Warhammer has its cake and eats it. It has orcs and dwarfs and elves, and treemen and dragons and goblins, and daemons and vampires and giants and barbarians and sorcerers and necromancers and yes, even Halflings and dark lords. By the nature of its original purpose and slow evolution, Warhammer is chock full of pretty much every traditional and not-so-traditional fantasy trope one could throw at a world.

And it also has realism. It is gritty and dark, with themes of power and ambition (the lure of Chaos) as well as a blurred sense of good and evil. Heroes abound, of both the knightly charging-about-slaying-dragons variety and the more modern flexible-morality-fighting-to-survive kind. It has villains of equal diversity. And it does this with depth, humour and a very British sensibility. It is both High and Low fantasy, of epic battles and desperate sewer struggles.

For those not initiated into the fandom, Warhammer seems nothing more than a derivative mish-mash of ideas thrown together to sell some toy soldiers. That is, after all, how it started, blending fantasy and historical at a time when that was not the vogue. Yet it has become much more, and its success makes the novels far more than simple tie-in pulp for Games Workshop. That success has gone beyond the bounds of gamers to create a readership amongst the fantasy-buying public. What some see as reason for denigration is in fact the great strength and appeal of the setting and the stories. It is with Warhammer that fantasy fans can find all the dwarfs, orcs and elves they can handle, while the ‘mainstream’ lets loose another faux-medieval landscape populated by backstabbing *******s and conniving princesses who would sell a dragon quicker than fall in love with it.

I get to write Warhammer novels, and I am proud to do so. It draws on all of that literary pedigree I’ve just buzzed through, as well as the vastness of real world history. Traditional fantasy may not be quite what it was thirty years ago, but it has not died out. It just has a different name.

I thought it was a pretty good insight into Warhammer, and the rest of the article is well worth reading, go read it now!

Tzeentch's Dark Agent
05-18-2012, 08:22 AM
I do like Gav Thorpe I must admit, he has a very broad view of what he does. Quite a chilled man from what people have said about him.

eldargal
05-18-2012, 08:38 AM
I'm a big fan of his work, he does Eldar (and Elves) brilliantly. It is just a bit of a shame that his only WFB books ar Time of Legends which I've little interest in.

Tzeentch's Dark Agent
05-18-2012, 08:42 AM
Yeah, I'm a fan of the "Path" series, I must admit. I'm also obviously in love with Deliverance Lost, which bought him big thumbs up in my books. :D

Brakkart
05-18-2012, 09:39 AM
If you've not read his Time of Legends trilogy EG you're missing out there, as Malekith and Caledor are both pretty decent books, and Shadow King is one of the best fantasy books I've ever read, and hand's down winner of the best revenge story I've read.
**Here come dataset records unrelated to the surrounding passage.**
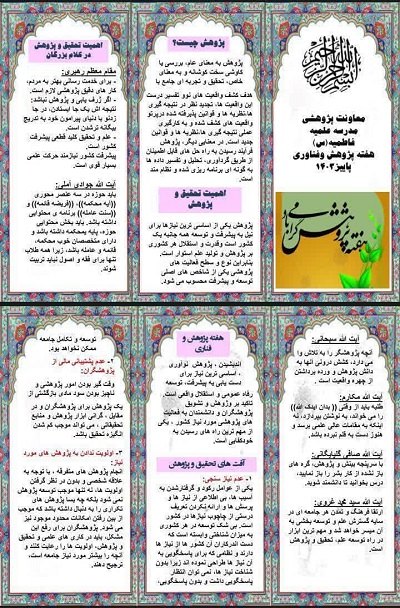 عناوین ذکر شده در این بروشور شامل : تعریف پژوهش، اهمیت پژوهش در کلام بزرگان، و آسیب هایی که در تحقیق و پژوهش وجود دارد، وجهت مطالعه و آشنايي طلاب در کانال مدرسه بارگزاری شده است.
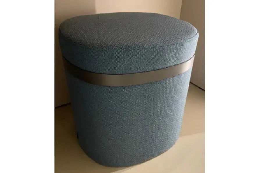 La struttura imbottita รจ rivestita in tessuto Iris Oceano, codice colore 703, una tonalitร profonda e sofisticata che valorizza ambienti living moderni ed eleganti. Inoltre, il vassoio superiore con finitura Nickel introduce un contrasto materico deciso, rendendo il pouf funzionale anche come piano dโappoggio.
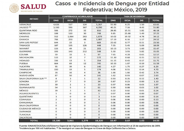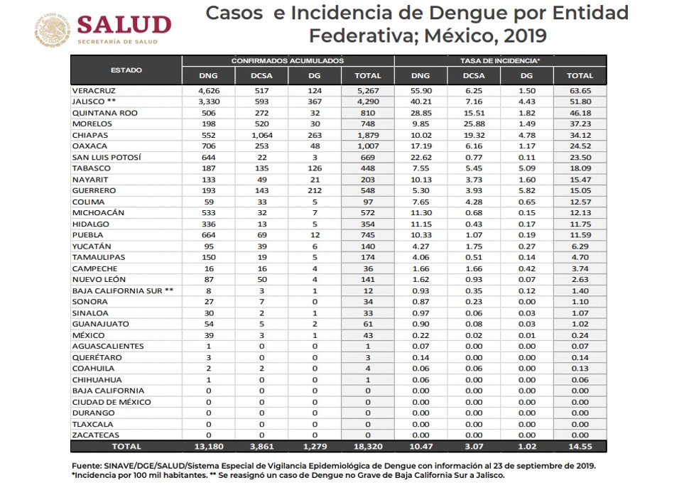 Según el informe de la Secretaría de Salud, Casos e Incidencia de Dengue por Entidad Federativa; México, 2019, muestra a Veracruz con 4 mil 626 casos de dengue no grave (DNG), 517 de dengue con signos de alarma (DCSA) y 124 de dengue grave (DG).

Very highly reccomended.

Yeah I like Gav Thorpe, he seems a pretty decent sort of guy and he certainly "gets" the worlds that he writes so much about. I have a friend ready to lend me a load of his books, just got a couple other novels to get through first.

Wildeybeast
05-18-2012, 10:27 AM
A very good article. I personally feel it is shame that the 'traditional' fantasy of Tolkien isn't really around anymore. He had the right amount of grimdark and picnics in the countryside with singing spirits. But Gav does a good job of tracing the evolution of fantasy and explaining why that sort of stuff isn't around anymore.

Kaiserdean
05-18-2012, 02:32 PM
That's an interesting article and I generally like his take on things.
I agree with him that there is a trend/fad in fantasy literature that many "fantasy" elements have become rather mundane. Magic, dragons, elves and the like well known among readers and introducing "fantastic" elements has become harder for writers trying to impress audiences.